INPUT DATA:

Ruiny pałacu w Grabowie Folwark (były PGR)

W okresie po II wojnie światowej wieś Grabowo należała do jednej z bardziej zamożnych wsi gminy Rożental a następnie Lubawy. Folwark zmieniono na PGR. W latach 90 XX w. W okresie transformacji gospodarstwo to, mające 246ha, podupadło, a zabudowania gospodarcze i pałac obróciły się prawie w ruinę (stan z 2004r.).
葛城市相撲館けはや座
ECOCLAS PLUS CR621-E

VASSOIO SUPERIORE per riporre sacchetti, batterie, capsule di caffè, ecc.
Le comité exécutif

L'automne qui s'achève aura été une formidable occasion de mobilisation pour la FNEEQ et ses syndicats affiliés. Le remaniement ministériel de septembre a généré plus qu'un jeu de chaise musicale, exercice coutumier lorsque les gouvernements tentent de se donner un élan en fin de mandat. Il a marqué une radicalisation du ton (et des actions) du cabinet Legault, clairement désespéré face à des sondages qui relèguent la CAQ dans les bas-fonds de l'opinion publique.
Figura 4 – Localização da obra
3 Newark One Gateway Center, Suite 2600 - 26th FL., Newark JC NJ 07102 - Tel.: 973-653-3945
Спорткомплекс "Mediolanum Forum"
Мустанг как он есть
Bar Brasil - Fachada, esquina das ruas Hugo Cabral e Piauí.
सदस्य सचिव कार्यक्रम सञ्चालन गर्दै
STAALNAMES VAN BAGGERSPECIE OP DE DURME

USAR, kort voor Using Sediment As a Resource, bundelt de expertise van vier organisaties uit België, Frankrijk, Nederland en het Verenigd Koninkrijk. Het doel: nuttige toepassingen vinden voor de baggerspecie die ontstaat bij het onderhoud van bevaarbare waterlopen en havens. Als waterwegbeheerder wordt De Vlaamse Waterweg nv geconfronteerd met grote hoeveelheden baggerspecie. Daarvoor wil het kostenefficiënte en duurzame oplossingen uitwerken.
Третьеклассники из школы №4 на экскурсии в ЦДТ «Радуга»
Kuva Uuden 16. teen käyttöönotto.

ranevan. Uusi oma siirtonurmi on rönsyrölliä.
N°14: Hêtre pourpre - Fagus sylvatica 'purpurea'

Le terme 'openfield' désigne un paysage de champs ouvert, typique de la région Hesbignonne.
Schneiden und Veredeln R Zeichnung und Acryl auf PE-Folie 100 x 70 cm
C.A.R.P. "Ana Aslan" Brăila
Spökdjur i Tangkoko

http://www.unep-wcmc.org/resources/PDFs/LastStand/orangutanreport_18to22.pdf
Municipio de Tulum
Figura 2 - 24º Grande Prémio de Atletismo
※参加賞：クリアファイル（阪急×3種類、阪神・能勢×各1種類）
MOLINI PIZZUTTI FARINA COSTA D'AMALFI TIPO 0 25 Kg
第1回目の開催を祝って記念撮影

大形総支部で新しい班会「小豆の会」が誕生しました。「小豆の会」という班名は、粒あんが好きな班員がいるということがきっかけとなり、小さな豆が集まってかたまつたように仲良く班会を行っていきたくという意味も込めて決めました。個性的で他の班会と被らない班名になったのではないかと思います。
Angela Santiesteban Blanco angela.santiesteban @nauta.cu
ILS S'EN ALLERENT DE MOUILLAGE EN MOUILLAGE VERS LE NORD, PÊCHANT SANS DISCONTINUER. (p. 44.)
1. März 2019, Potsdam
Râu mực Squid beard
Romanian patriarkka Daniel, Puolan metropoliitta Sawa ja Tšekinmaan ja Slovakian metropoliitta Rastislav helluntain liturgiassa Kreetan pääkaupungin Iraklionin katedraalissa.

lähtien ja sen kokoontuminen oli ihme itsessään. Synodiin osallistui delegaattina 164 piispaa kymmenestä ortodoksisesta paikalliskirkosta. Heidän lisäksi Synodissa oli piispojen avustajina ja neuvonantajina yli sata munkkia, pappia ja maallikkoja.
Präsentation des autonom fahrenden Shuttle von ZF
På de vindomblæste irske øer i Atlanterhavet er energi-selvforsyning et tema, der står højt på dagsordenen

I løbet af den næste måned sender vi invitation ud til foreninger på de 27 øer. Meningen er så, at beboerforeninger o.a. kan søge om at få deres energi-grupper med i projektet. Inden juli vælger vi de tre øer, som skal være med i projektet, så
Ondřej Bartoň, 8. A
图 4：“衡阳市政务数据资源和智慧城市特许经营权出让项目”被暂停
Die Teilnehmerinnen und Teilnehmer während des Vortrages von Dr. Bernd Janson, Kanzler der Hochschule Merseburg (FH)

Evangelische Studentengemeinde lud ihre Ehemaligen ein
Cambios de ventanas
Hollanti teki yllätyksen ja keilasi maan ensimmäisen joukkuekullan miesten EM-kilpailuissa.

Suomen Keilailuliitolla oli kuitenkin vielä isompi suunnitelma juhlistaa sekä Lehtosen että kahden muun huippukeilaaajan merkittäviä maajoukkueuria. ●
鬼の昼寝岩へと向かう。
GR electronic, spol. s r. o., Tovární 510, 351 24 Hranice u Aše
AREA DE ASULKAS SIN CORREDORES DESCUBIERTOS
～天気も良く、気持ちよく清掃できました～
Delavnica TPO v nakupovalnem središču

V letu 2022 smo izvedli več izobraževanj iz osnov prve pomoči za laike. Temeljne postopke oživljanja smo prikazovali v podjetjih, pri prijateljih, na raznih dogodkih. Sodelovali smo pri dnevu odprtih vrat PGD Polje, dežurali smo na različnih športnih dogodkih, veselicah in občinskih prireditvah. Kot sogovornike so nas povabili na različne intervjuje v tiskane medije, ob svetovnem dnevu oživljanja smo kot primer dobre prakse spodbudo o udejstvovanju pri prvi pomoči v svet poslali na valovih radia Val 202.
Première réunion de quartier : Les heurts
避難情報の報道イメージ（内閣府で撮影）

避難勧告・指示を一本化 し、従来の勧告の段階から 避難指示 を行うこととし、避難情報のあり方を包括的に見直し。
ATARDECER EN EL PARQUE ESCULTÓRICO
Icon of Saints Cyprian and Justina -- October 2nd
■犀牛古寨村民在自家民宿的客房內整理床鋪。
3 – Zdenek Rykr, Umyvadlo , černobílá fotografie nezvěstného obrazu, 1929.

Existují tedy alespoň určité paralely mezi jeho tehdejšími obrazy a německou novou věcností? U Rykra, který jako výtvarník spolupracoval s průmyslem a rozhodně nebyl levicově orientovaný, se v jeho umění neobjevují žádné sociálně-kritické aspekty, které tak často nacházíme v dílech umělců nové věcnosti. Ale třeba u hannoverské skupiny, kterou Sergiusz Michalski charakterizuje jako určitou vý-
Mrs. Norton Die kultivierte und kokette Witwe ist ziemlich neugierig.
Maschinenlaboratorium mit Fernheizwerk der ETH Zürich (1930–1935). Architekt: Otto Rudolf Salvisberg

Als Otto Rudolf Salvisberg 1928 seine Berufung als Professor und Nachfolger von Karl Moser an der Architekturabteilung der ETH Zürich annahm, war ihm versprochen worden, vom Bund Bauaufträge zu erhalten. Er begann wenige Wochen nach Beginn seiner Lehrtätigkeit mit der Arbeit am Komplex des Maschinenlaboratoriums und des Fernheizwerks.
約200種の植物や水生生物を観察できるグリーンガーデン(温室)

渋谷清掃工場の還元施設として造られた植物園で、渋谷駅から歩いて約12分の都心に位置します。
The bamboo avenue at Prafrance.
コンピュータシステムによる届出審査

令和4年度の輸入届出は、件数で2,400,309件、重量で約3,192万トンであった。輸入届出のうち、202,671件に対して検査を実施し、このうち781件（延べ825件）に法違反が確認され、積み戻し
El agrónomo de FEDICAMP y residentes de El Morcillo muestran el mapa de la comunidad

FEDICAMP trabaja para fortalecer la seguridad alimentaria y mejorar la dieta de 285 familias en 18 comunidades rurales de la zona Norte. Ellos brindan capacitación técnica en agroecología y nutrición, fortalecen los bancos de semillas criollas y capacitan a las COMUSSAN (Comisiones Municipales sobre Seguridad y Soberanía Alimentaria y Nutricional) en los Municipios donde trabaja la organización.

EXERCISE: Which lines above hold the string "Salvisberg"? Please copy all of them.

RESULT OF THE TASK:
Maschinenlaboratorium mit Fernheizwerk der ETH Zürich (1930–1935). Architekt: Otto Rudolf Salvisberg
Als Otto Rudolf Salvisberg 1928 seine Berufung als Professor und Nachfolger von Karl Moser an der Architekturabteilung der ETH Zürich annahm, war ihm versprochen worden, vom Bund Bauaufträge zu erhalten. Er begann wenige Wochen nach Beginn seiner Lehrtätigkeit mit der Arbeit am Komplex des Maschinenlaboratoriums und des Fernheizwerks.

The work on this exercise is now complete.